◆ **Required action**: Leaving the pictures aside, repeat every line below exactly.

◆ **Material provided**:
· · · ·
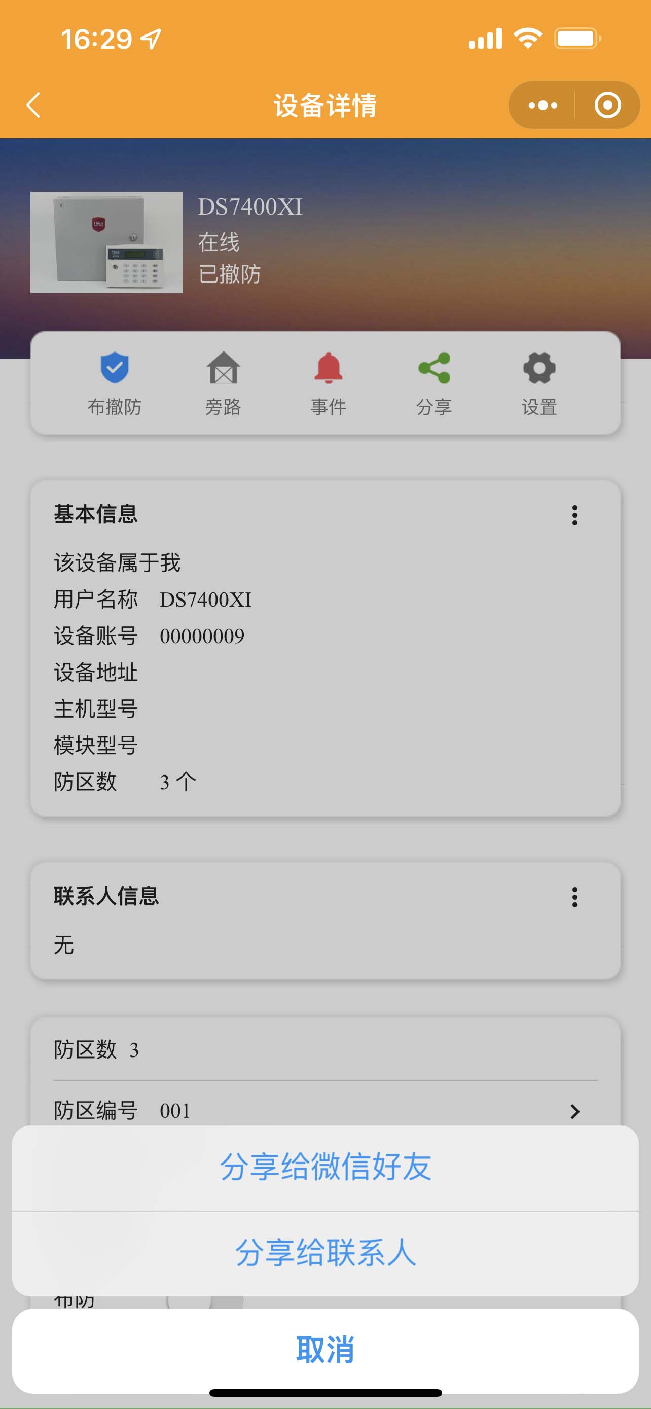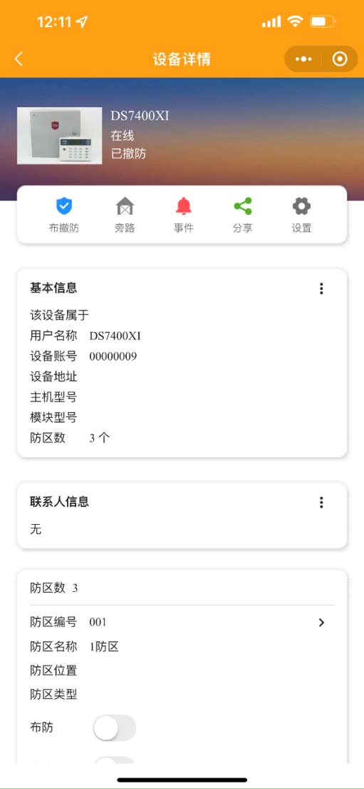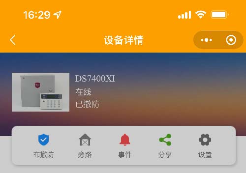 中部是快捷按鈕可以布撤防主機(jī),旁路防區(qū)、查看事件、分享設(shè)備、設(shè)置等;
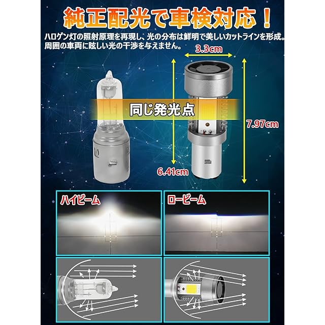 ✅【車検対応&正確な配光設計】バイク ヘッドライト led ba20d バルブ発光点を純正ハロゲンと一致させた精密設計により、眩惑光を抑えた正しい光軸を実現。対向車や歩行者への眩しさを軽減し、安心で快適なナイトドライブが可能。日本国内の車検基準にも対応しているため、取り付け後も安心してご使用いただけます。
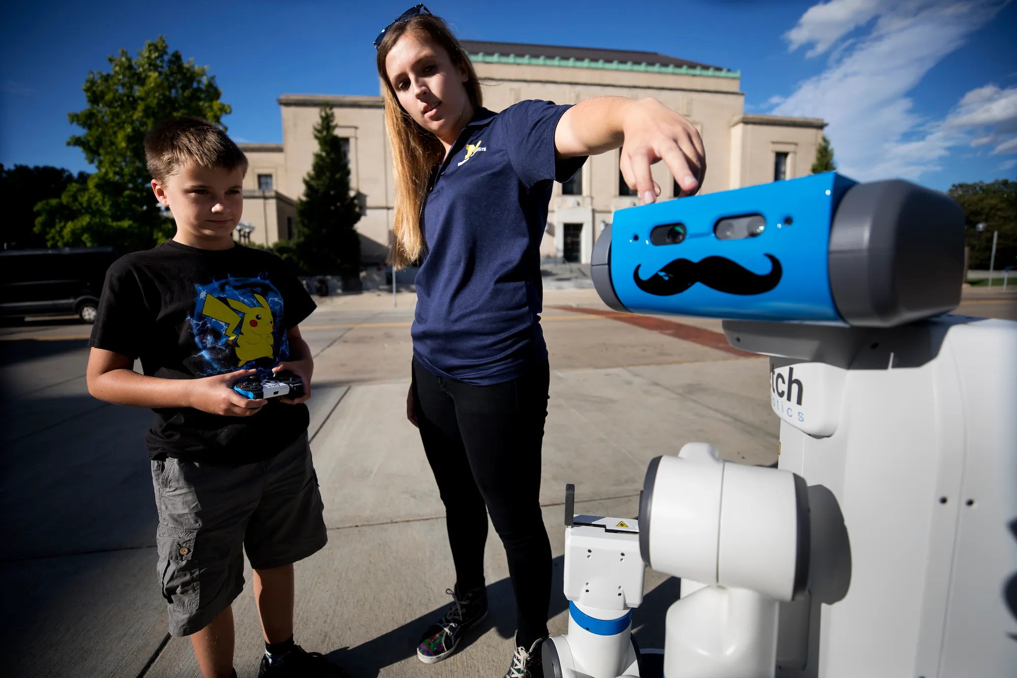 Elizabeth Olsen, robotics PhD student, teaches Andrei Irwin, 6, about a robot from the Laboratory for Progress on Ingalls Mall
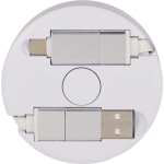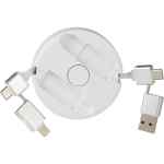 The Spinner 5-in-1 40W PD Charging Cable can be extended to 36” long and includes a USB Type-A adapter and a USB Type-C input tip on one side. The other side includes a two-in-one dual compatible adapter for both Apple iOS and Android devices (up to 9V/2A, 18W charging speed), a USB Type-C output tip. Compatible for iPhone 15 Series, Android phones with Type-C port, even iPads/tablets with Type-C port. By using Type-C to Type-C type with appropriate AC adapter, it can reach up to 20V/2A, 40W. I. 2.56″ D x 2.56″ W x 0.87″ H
· · · ·
◆ **Exercise result**:
 中部是快捷按鈕可以布撤防主機(jī),旁路防區(qū)、查看事件、分享設(shè)備、設(shè)置等;
 ✅【車検対応&正確な配光設計】バイク ヘッドライト led ba20d バルブ発光点を純正ハロゲンと一致させた精密設計により、眩惑光を抑えた正しい光軸を実現。対向車や歩行者への眩しさを軽減し、安心で快適なナイトドライブが可能。日本国内の車検基準にも対応しているため、取り付け後も安心してご使用いただけます。
 Elizabeth Olsen, robotics PhD student, teaches Andrei Irwin, 6, about a robot from the Laboratory for Progress on Ingalls Mall
 The Spinner 5-in-1 40W PD Charging Cable can be extended to 36” long and includes a USB Type-A adapter and a USB Type-C input tip on one side. The other side includes a two-in-one dual compatible adapter for both Apple iOS and Android devices (up to 9V/2A, 18W charging speed), a USB Type-C output tip. Compatible for iPhone 15 Series, Android phones with Type-C port, even iPads/tablets with Type-C port. By using Type-C to Type-C type with appropriate AC adapter, it can reach up to 20V/2A, 40W. I. 2.56″ D x 2.56″ W x 0.87″ H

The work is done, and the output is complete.